BLS refers to the core competency live-saving skill set of CPR, activation of the emergency response system, and expedient use of an automated external defibrillator (AED). BLS certification is offered to the public and is required for healthcare providers with variations in management suggestions based on level of training and comfort. Any person found unresponsive or with absent or gasping/agonal breath sounds should be suspected to be in cardiac arrest (IIa/C-LD). Pulse checks by a healthcare provider in this setting should last at most 10 seconds (II/C). If the person cannot be aroused, the AHA guidelines for CPR and emergency cardiac care stress immediate activation of the emergency response system for out-of-hospital arrests and initiation of chest compressions to provide Circulation prior to Airway management and Breathing, or C-A-B. This was changed from A-B-C in 2010 to emphasize the initial focus on restoring circulation based on survival studies. The C-A-B sequence emphasizes circulation first to minimize delays in chest compressions associated with establishing a patent airway. Beginning with chest compressions may also increase likelihood that bystanders will perform CPR on persons who have suffered from SCA as lay persons may find airway management challenging and hesitate to initiate CPR. In fact, the guidelines changed in 2017 to emphasize that untrained lay rescuers may provide compression only CPR (I/C-LD), and dispatchers should offer compression-only CPR instructions (I/C-LD).
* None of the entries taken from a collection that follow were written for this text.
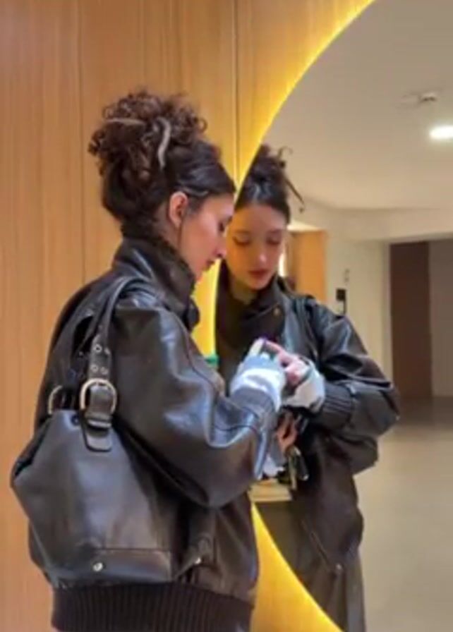 A young woman stands in front of an oval mirror in an indoor hallway. She has her hair piled on her head with some lighter strands coming loose. She is wearing a brown leather bomber jacket, gray pants, and a black leather purse with silver buckles. She is looking at her phone in her hands. The wall behind her is wood grain. The hallway reflected in the mirror is modern with light-colored walls.
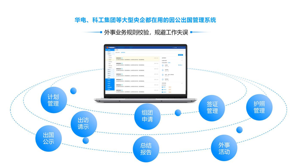 外事管理系统(因公出国小管家)是一套针对企事业单位员工因公出国和外宾来华访问的全过程管理系统。系统具有计划按批次追踪功能,可对计划变更进行合规性判断,可对同一计划中数量极多的文件进行闭环管理,极大减轻计划跟踪,计划合规性判断与计划文件校对工作量。使用系统可提升外事业务审核工作效率,出国申请办理平均时间由两个月缩短到7个工作日;可减少工作失误率,系统内置外事引擎做合规性检查,误审次数降低到千分之一;可优化员工办理出国业务体验感,提升企业形象。
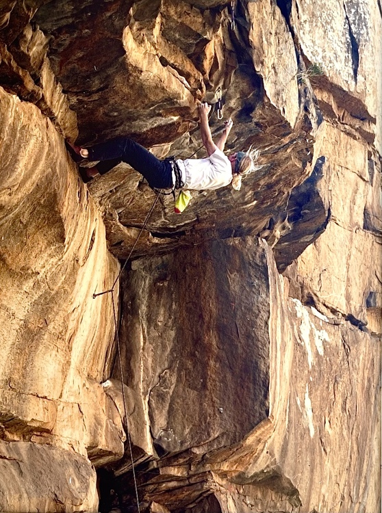 One of the only photos that exist, The Hammerhead Roof, 5.11, one of over 100 pitches on insanely featured and cast iron solid, fine grained granite, up to 200 ft A few 5.10 pitches, 75% 5.11, 20% 5.12, a few 13’s Aesthetics are off the chart, with a seasonal river, immense boulders, and giant trees just below the crags. Most routes are north or east facing and average vertical with roofs, or overhanging, a dozen overhang 10 to 15 ft in less than 100. |
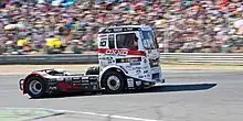 Truck racing is a form of motorsport road racing which involves modified versions of heavy tractor units on road racing or oval track circuits.

Lay persons trained in CPR should still add rescue breaths when trained or able. For lone rescuers, the public is taught the “phone first/phone fast” rule. For adults, children aged 8 years and older, and all children known to be at high risk for arrhythmias, the emergency medical system (911; EMS) should be activated (phone first) before attempts at resuscitation by a lone rescuer. An initial resuscitation attempt followed by the activation of EMS (“phone fast”) is indicated for children less than 8 years old and for all ages in cases of submersion or near drowning, arrest secondary to trauma, and drug overdose. Owing to the increased rate of unresponsiveness secondary to opioid overdose, family members are recommended to have naloxone available to administer in coordination with alerting EMS.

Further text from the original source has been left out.